00:34:00.560 As we distribute our final check, we plan to navigate through ensuring compliance across all counts.

00:34:43.760 This brings us to step three, where we will enforce the syllable count of 575 in our methods.

00:35:25.440 We will utilize an external library to count syllables in a provided string to help this process.

00:35:59.360 We'll ensure our implementation only returns if the syllable counts are appropriate.

00:36:38.880 Moving forward, we want to print out exact comments and highlight any missteps.

00:37:14.560 Let’s confer on our specific functions designations while outlining our progress.

00:37:58.440 Now, let’s progress into step four and delve into the details surrounding our node pattern matchers.

00:38:36.960 This is where the fun begins! Let's ensure that the syntax of these patterns take form with the appropriate details.

00:39:18.240 Remember, we will focus on ensuring the poetic lines match our defined structure, allowing us to improve our understanding of those parameters.

00:40:03.040 We see potential overlaps where these patterns can become useful modifiers in our documentation compliance.

00:40:45.440 As we delve deeper into the syntax trees, we’ll isolate elements based on their identifiers as needed.

00:41:20.960 This exploration will also allow us to bypass unnecessary elements in our coding process!

00:42:04.560 Let's take another three to four minutes and explore usage patterns amongst the nodes.

00:42:40.960 All right, how is everyone feeling? Do you wish to dive further into node patterns?

00:43:20.320 Remember to keep these requirements in mind as we link similar methods together while adhering to XML standards.

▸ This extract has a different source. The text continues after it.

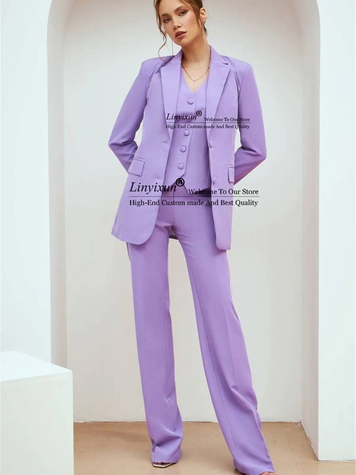 Новинка, Модные фиолетовые облегающие брючные костюмы, повседневная одежда, вечерняя Женская официальная одежда, 3 предмета

00:44:02.240 As we move onward, let's ensure our calls to specific classes align with hierarchical templates.

00:44:39.840 Let’s further review our notes and polished strategies as we wrap up today!

00:45:12.080 If you have any questions or wish to explore our capabilities further, feel free to connect!

00:45:50.720 Remember to take a moment and appreciate this journey into the realm of custom linting and the power of collaboration.

00:46:31.760 Thank you for engaging with us today. Each question that surfaced will lead to new insights as we venture ahead in improving our tools.

00:47:25.680 Let’s take this moment to share perspectives and consider how we can further utilize these tools in our workflows.

00:48:19.040 As we wrap up, I hope to see active discussions surrounding these practices in the community forums as we share these best practices.

00:49:00.640 Let's highlight successful models and effectively share results with our teams to promote growth amongst our peers.

00:49:51.920 The overall goal is to embrace this journey today and take it forward into our daily coding practices.

00:50:41.680 Thank you very much for your participation. If you have further inquiries, please don't hesitate to ask.